「豊かさは 自然の中に隠れている」
 
  1982年の10月も終わる頃、アメリカの西海岸をフロリダのオーランドからカナダ国境に近いシアトルまで7つか8つの都市を仕事で訪れたことがあった。
 
  旅も終盤に近い頃、シアトル空港からバスでカーネイションファームに向かう車窓から目に映る景観になんとなくなつかしさを感じた。これまでは西海岸の乾燥地帯、そして平坦地だ。目に映る緑も明るい緑、今見る緑は暗色の緑だ。山も迫っている、景観に慣れてくると草木の種類も、少し針葉樹が多いくらいで日本とほとんど変わらないように思えた。

  一日中細かい雨が降っていたが、ガイドの案内でこれから雨の季節に入るとのこと北米にも雨季があることを初めて知った。樺の木立をぬってファームの前でバスが停まったが、雨で見学はとりやめになった、車窓から見るファームは樺の木立のあいまに三々五々見えるホルスタイン種の白と黒の模様が印象的だった。カーネーションファームと聞いていたので、もっと近代的な設備が整っているのかと想像していたが、アメリカの開拓時代はきっと、こんなんだったのではないかと、雨にぬかるんだ地表を眺めながら勝手に解釈していた。
 
  少し時間があったので、ボーイングの工場を見渡せる場所を通って、郊外のレストランで小休止することになった。 空港から、バスにのりかえて以来、初めて触れる外気は、凛としてとてもこころよかった。

  ペプシコーラのセールスマン時代横浜の伊勢崎町界隈にタコマホテルという小さなホテルがあった。その名前の由来をお尋ねした時、それは、それは美しい北米の町の名前ですよと答えられた。ホテルのオーナーの住まいがタコマにあることから名付けたという。
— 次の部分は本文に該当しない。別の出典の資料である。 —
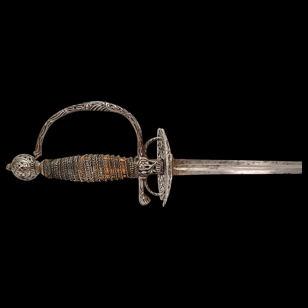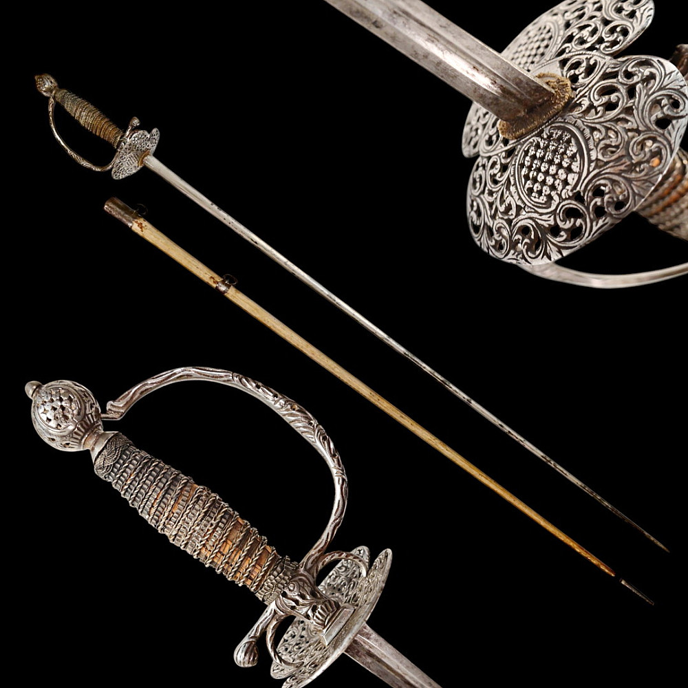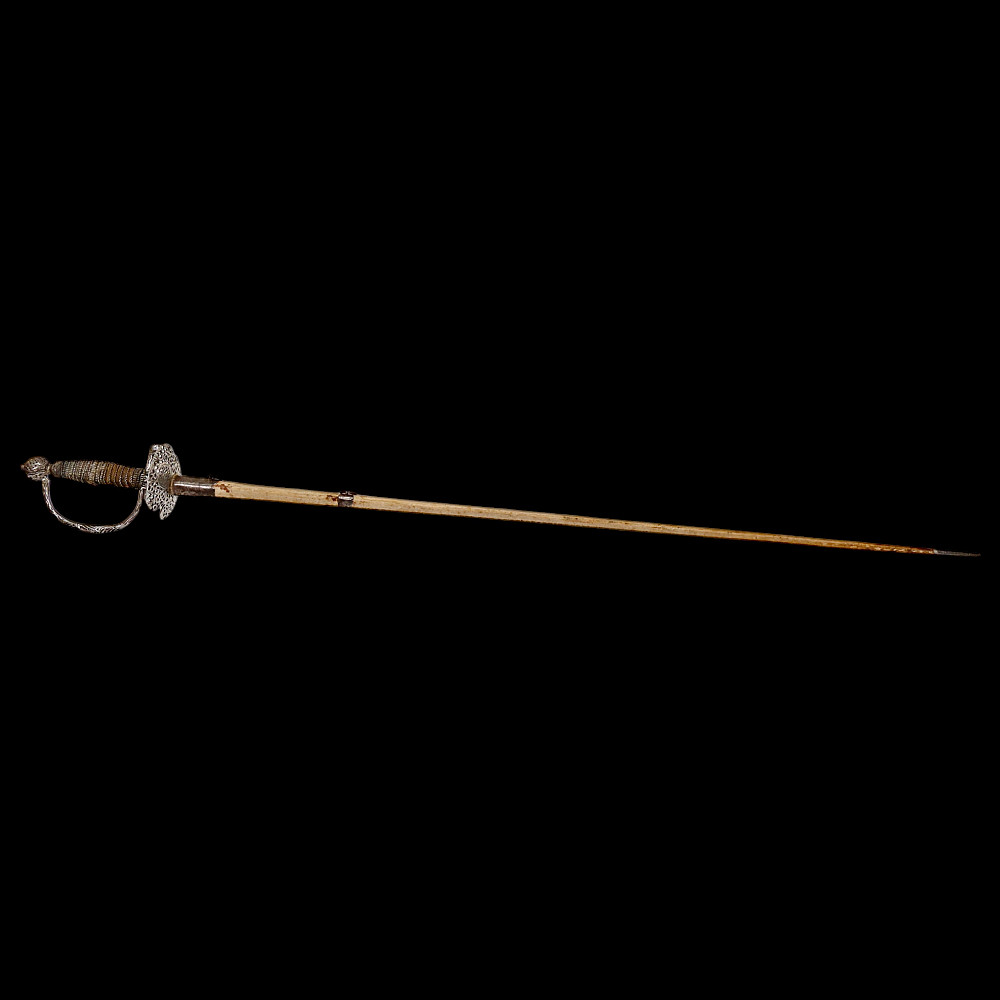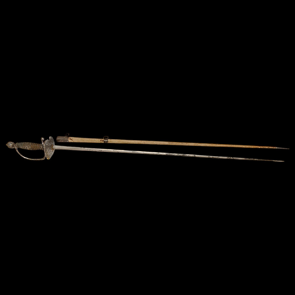 A Perfectly preserved Sword, Openwork steel, France, 18th century. The blade of the sword is steel, triangular with fullers on each side, tapering towards the end. The pommel is hollow with perforated ornament. The cup is also perforated with a plant ornament. Between the crosspiece and the cup there are two ring-shaped closed bows. Wooden handle, wrapped with wire and tape, upper and lower ring made of braided wire. The white scabbard with metal fittings is well preserved. A beautiful, high-quality sword for collecting in good condition. Length 106 cm.

そんなことを思い出しながら、雨上がりの澄んだ空気と郊外の透明感に満ちた風光に、まだみぬタコマの美しさを重ねていた。タコマ、シアトル、バンクーバー、は気候や、地形、また海流などのうえでとても興味深いところだ。自然の力の大きさ、そのしくみの巧みさに驚かさるひとつの例がジョンストン海峡だ。ジョンストン海峡は無数の入り江が内陸に向かって、深く深く入り込んでいて、見事な樹林帯を形成し、さまざまな生き物達の繁殖地になっている。

 豊かな海の秘密は樹林帯と豊富な地下水の関係にある。そこにすむさまざまな生き物たちの排泄物を樹林帯が永い時間をかけて堆積させた腐葉土とともに、豊富な地下水によってその成分を海に押し出すようなしくみになっている。成分つまり大量のミネラルが海に流れ込むことによって、プランクトンの大発生がおこる、プランクトンは小さな魚たちの餌になる。それからは自然のならわしで、その小魚をニシンが、ニシンを鮭が、イルカ、ひいてはシャチ、鯨が回遊する豊かな環境をつくりだしている。
 
  日本の三陸沿岸でも漁場の再生力を高めるために、森林の整備がかかせないことから漁業者が中心になって森林整備に努めているという報道番組を見たことがあった。それでも人間はまだまだ自然からほんの少ししか学んでいないのではないかと、ふと思った。まだまだ自然のなかには、目をみはるような素晴らしいしくみが隠されているように思えてならない。

  きっと若い人たちの中にも、同じ見方をしている方たちが、たくさんおられるだろう。そのようなひとたちによって、自然は私達になにをしてほしいのか、ひとつでも、解るようになれば、隠されている自然のたくみさも、私達の目の前にその全貌を現すのではないだろうか。見えるものより、見えないもののなかに、私達の明日の活力となるものが隠されていると思われてしかたがない。人生の目的とはさまざまなかたちで隠されている未だみぬ宝の覆いをひとつひとつひらいてゆくことではないかと思う。

 幼い頃、まわりがうるさがるほど、なぜ、どうして、を連発してきた。いつしか、そう思っていても、そういうことをいわないのが大人といわんばかりになってしまう、なぜ、どうして、をもっと思いつづけよう。そうしたら見えるものが変わってきて、自分が今なにをしなければならないのかと考えるまえに、進む道が不思議に向こうからやってくる。目に見えないもの、その不思議さに心をひらいて向かいたい。